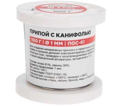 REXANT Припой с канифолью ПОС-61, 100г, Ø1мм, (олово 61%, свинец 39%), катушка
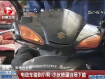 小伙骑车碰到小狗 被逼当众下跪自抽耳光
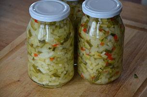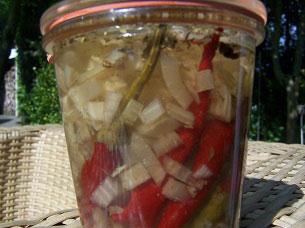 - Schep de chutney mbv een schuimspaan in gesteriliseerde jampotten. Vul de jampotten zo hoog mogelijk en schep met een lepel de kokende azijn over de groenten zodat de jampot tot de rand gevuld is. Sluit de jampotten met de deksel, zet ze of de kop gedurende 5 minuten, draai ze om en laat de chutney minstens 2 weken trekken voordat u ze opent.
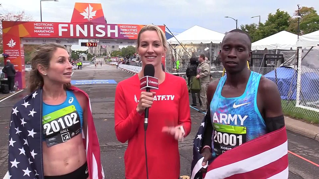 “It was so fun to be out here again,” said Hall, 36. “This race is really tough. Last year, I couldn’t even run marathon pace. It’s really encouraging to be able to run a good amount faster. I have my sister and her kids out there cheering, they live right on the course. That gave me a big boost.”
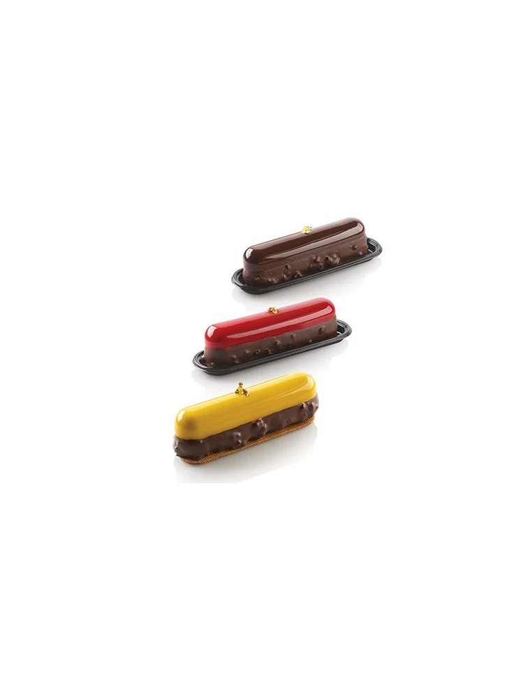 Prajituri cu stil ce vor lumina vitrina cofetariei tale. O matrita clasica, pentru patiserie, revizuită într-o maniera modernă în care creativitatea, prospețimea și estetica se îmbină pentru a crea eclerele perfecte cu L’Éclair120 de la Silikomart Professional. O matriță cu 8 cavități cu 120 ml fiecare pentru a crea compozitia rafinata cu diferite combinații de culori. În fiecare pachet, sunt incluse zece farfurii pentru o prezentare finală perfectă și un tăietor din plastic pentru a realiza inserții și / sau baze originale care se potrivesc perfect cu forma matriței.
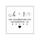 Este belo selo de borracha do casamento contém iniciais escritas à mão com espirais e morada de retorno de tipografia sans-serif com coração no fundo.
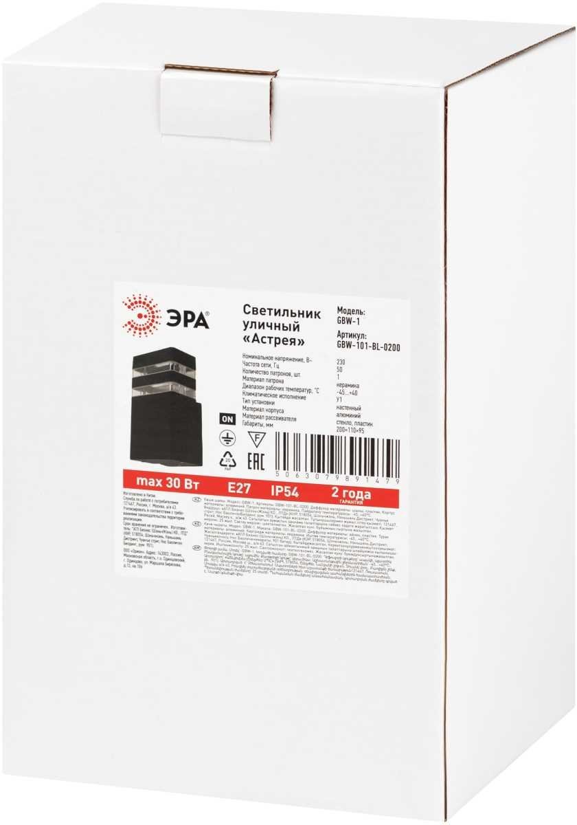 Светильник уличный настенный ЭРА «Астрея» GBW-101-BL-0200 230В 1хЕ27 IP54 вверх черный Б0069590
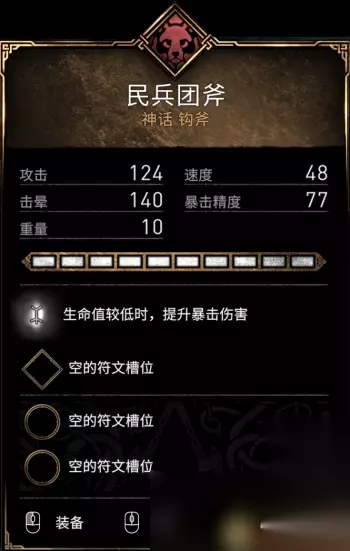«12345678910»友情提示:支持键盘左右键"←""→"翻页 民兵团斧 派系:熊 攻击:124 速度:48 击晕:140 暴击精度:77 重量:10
...
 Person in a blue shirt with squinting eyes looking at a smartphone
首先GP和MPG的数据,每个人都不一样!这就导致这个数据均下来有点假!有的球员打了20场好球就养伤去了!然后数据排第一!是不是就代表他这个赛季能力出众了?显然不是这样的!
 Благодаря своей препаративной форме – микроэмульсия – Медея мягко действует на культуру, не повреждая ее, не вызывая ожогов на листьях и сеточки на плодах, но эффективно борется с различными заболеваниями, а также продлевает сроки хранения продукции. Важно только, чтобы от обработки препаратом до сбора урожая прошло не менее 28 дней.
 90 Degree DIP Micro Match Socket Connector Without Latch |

What the exercise asks: Keep to the stretch from the line containing "REXANT Припой с" through the line containing "击晕:140 暴击精度:77 重量:10", both ends included, and copy it exactly from the listing above, minus the pictures.

Answer space:
 REXANT Припой с канифолью ПОС-61, 100г, Ø1мм, (олово 61%, свинец 39%), катушка
 小伙骑车碰到小狗 被逼当众下跪自抽耳光
 - Schep de chutney mbv een schuimspaan in gesteriliseerde jampotten. Vul de jampotten zo hoog mogelijk en schep met een lepel de kokende azijn over de groenten zodat de jampot tot de rand gevuld is. Sluit de jampotten met de deksel, zet ze of de kop gedurende 5 minuten, draai ze om en laat de chutney minstens 2 weken trekken voordat u ze opent.
 “It was so fun to be out here again,” said Hall, 36. “This race is really tough. Last year, I couldn’t even run marathon pace. It’s really encouraging to be able to run a good amount faster. I have my sister and her kids out there cheering, they live right on the course. That gave me a big boost.”
 Prajituri cu stil ce vor lumina vitrina cofetariei tale. O matrita clasica, pentru patiserie, revizuită într-o maniera modernă în care creativitatea, prospețimea și estetica se îmbină pentru a crea eclerele perfecte cu L’Éclair120 de la Silikomart Professional. O matriță cu 8 cavități cu 120 ml fiecare pentru a crea compozitia rafinata cu diferite combinații de culori. În fiecare pachet, sunt incluse zece farfurii pentru o prezentare finală perfectă și un tăietor din plastic pentru a realiza inserții și / sau baze originale care se potrivesc perfect cu forma matriței.
 Este belo selo de borracha do casamento contém iniciais escritas à mão com espirais e morada de retorno de tipografia sans-serif com coração no fundo.
 Светильник уличный настенный ЭРА «Астрея» GBW-101-BL-0200 230В 1хЕ27 IP54 вверх черный Б0069590
«12345678910»友情提示:支持键盘左右键"←""→"翻页 民兵团斧 派系:熊 攻击:124 速度:48 击晕:140 暴击精度:77 重量:10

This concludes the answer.